Let me stress that one does not have to believe in binding poverty traps to accept that more aid might be useful. All one needs to believe is that such aid can accelerate development beyond what would be possible with the limited resources available to the world’s poorest countries. Moreover, I should add, as someone who worked on India and Africa for the World Bank in the 1970s, that I believed then (and believe now) that relatively modest policy changes would transform the former, but not the latter. Africa’s handicaps are far bigger.
Furthermore, why is it harmful to encourage people not to bring into the world children they will be unable to feed or educate properly, particularly if they are doing so as an unnecessary form of personal insurance? It would be better, surely, to help lower the death rates of children in the world’s poorest countries and explain to parents that this success makes it far less necessary for them to produce big families. If, in the process, one improves the status and health of women, that would be still better.
Paul Collier provides a useful taxonomy of the challenges. I liked his ironic comment that we would be dead without nature. We are part of nature, of course.
Paul is optimistic on the depletion of non-renewable resources. On that, all we can say at present is that we do not know. But we will certainly find out. I broadly agree with what he says on “common pool resources” and on problems of governance and co-operation.
I liked the optimism in David Bennett’s comments. But the question is, as always: how replicable are such private initiatives and how quickly? I do not have the faith that private sector initiatives will deal with the challenges of Africa over any reasonable time horizon. I must also add that I do not understand the intense suspicion of anything done by governments. It is part of the mythology of many contemporary westerners that governments had nothing to do with their current prosperity. But it is a myth, all the same.
Brian Davey takes the opposite of Bill’s viewpoint. I said in the column that views on humanity’s contemporary predicament tend to fall into two categories: those who think there’s no problem and those who think there’s no solution. Mr Davey does believe there is a solution, but it is one so implausible that, in effect, it does not exist. It seems to be a return to some kind of self-sufficient pre-industrial society, done tomorrow. That is not going to happen.

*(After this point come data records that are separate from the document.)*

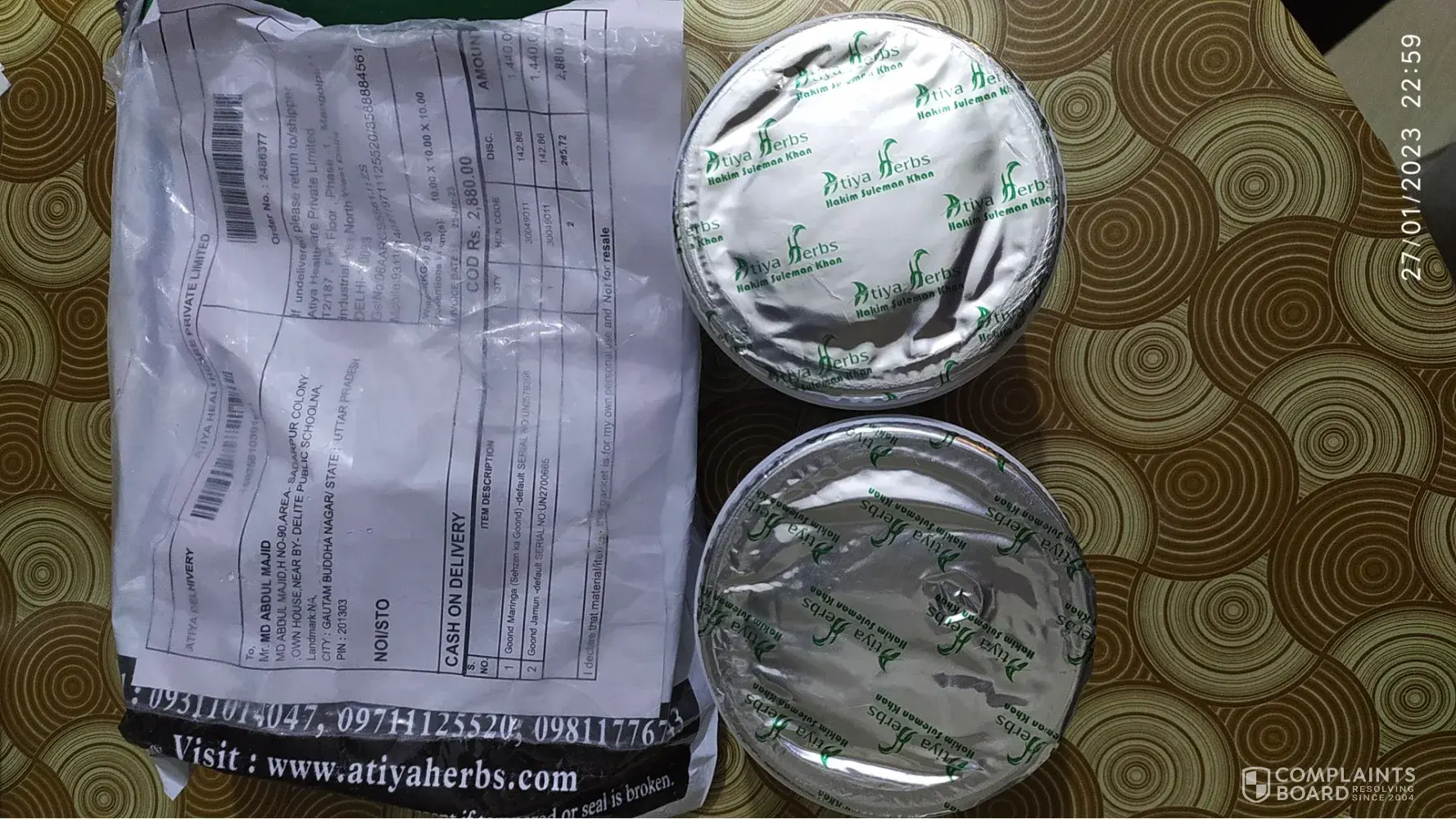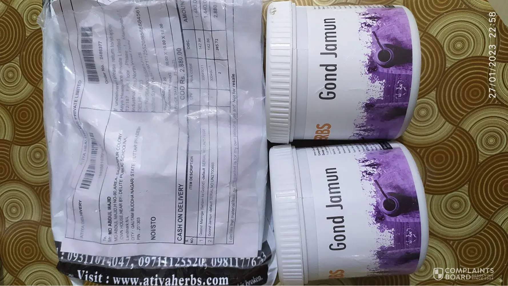 We approach Atiya Herbs for solving our probkems, not getting negative feedback from them...
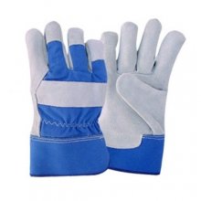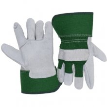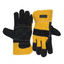 Canadian style work gloves made by cow split leather and rubberized fabric cuff
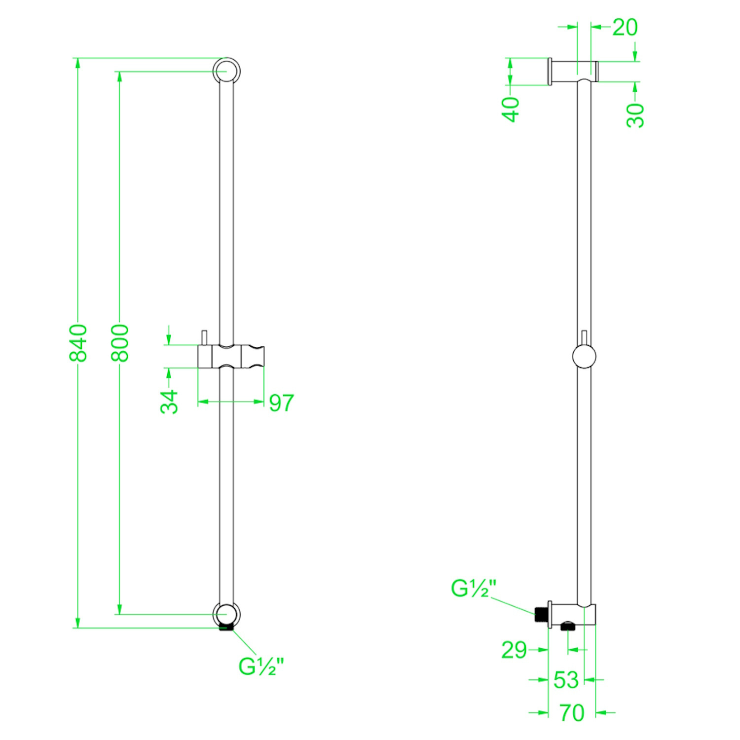 De glijstang heeft een lengte van 80 cm en een breedte van 2 cm. De breedte van het glijstuk is 9,7 cm.
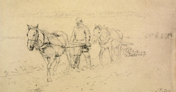 Sýretshi estelikterinde «L.N.Tolstoı egistikte» kartınasy Tolstoıdyń óz erkimen jesir áıeldiń eginin jyrtqan kúni salynǵanyn jazady. Al 1901 jyly Repın Tolstoıdyń jalańaıaq turǵan portretin salady. Alaıda, jalańaıaq júrgendi unatatyn jazýshy sýretshiniń bul portretin jaqtyrmaı qaldy. Tolstoı: «Repın jalańaıaq júrgenimdi eshqashan kórmegen sııaqty edi. Endi meni ish kıimsiz salý ǵana qaldy», dep keketedi.
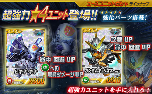 さらに、本日よりエースユニットガシャに「★4 ビギナ・ギナ」と「★4 ガンダムキュリオス(MS)」が登場。強化パーツとして、それぞれ「フィン・ノズル」、「GNドライヴ」を装備する強力な機体となっているので、ぜひとも手に入れよう。
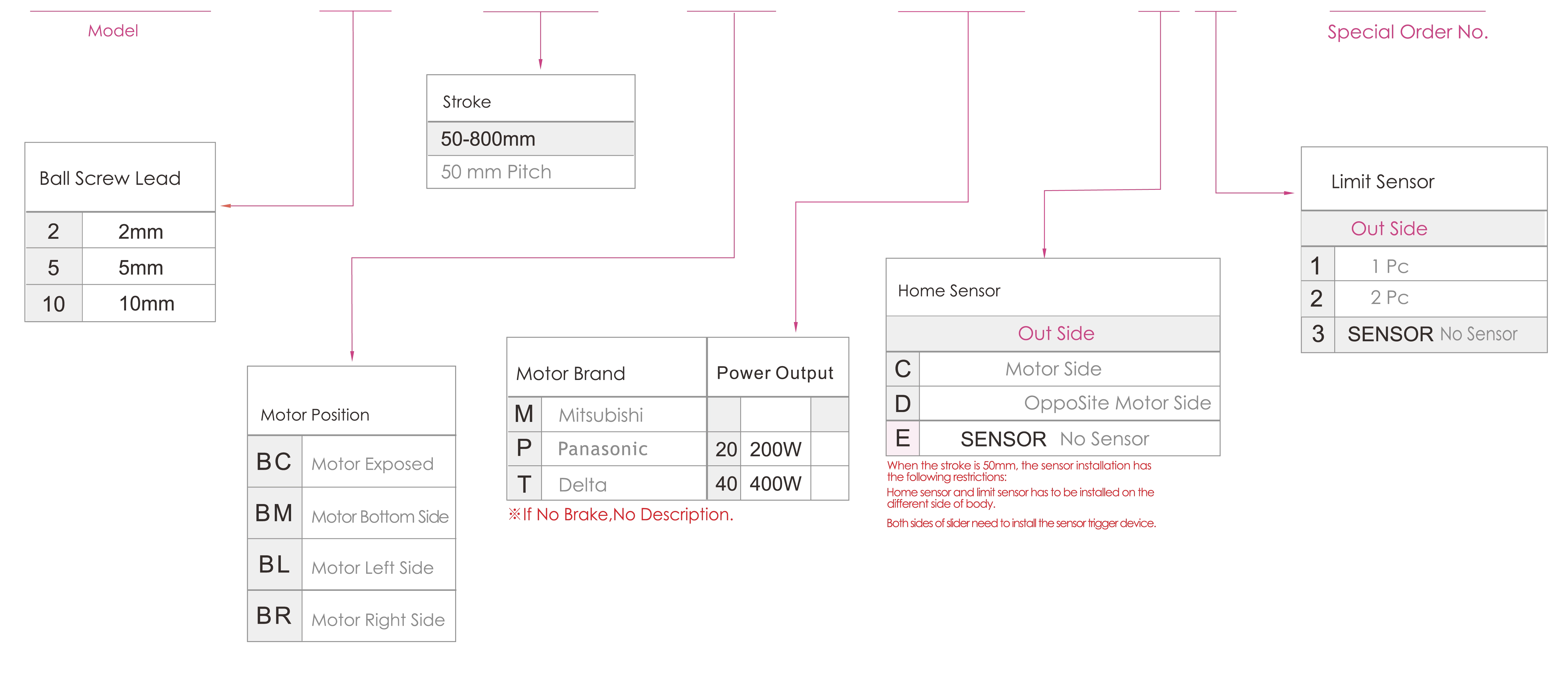 | Utiliser là | Mode de conduite | Spécifications du modèle | Puissance du moteur (W) | Largeur (mm) | Répétabilité (mm) | Spécifications de la vis à billes | Charge utile maximale (kg) | vitesse maximale (mm/s) *1 | ||
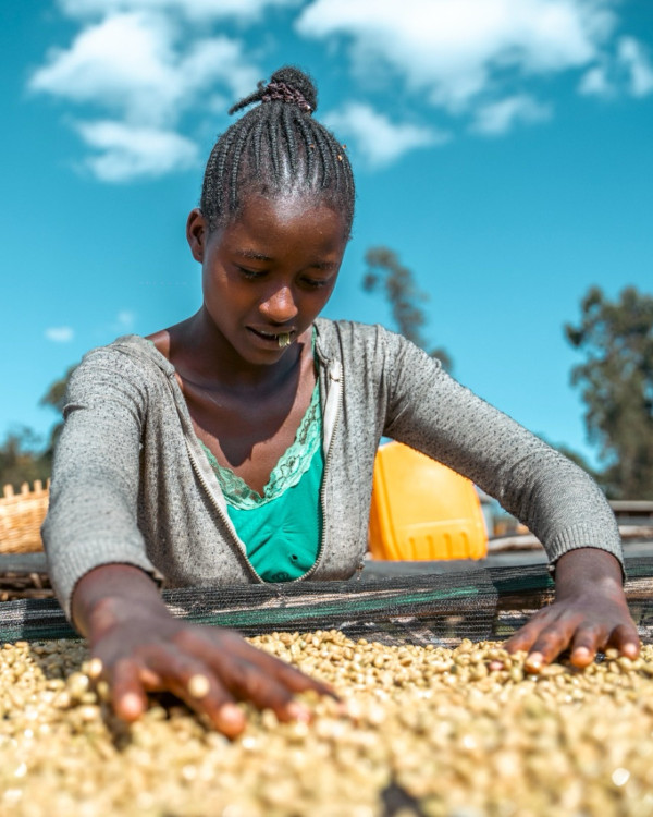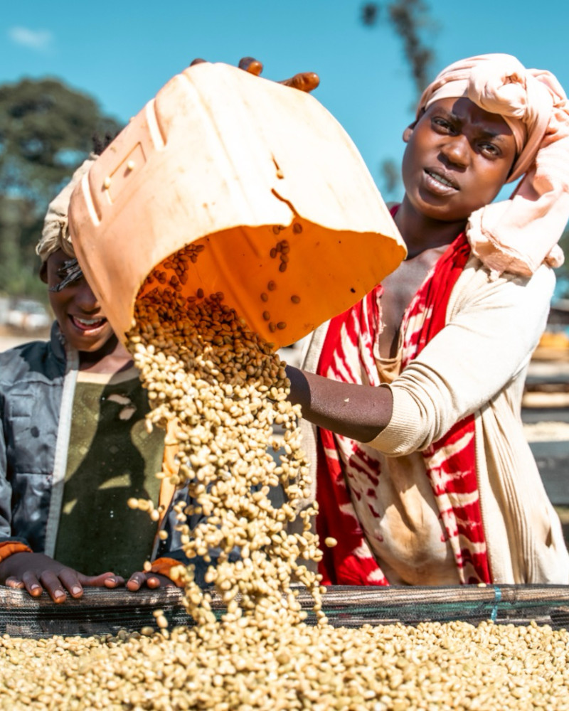 Zozbierané čerešne farmári ešte v ten istý deň doručujú do mokrej spracovateľskej stanice Yabitu Tume, kde prechádzajú starostlivým premývaným spracovaním – fermentáciou, máčaním a sušením na vyvýšených posteliach. Stanica funguje udržateľne: zvyšky z čerešní sa premieňajú na organické hnojivo a odpadová voda sa bezpečne čistí. Výsledkom je káva s čistým chuťovým profilom plným ovocných tónov, medovej sladkosti a šťavnatého záveru – odraz starostlivosti a tradície miestnej komunity.

What I like about Jeff is his view that there is a problem, but that there may also be workable solutions. I find myself comfortable with this pragmatic position. I do not know enough about the science on global warming to judge between those who say it is a hoax and those who say the end of our world is nigh. But it is rational to act on the assumption that climate change is real. If it turns out not to be real, the losses will be modest, provided the policies themselves are reasonably well chosen. If it turns out to be serious, we will have made a start on dealing with it. Of course, if it turns out to be as serious as Mr Davey believes, it is too late already and the world will become a very exciting and dangerous place.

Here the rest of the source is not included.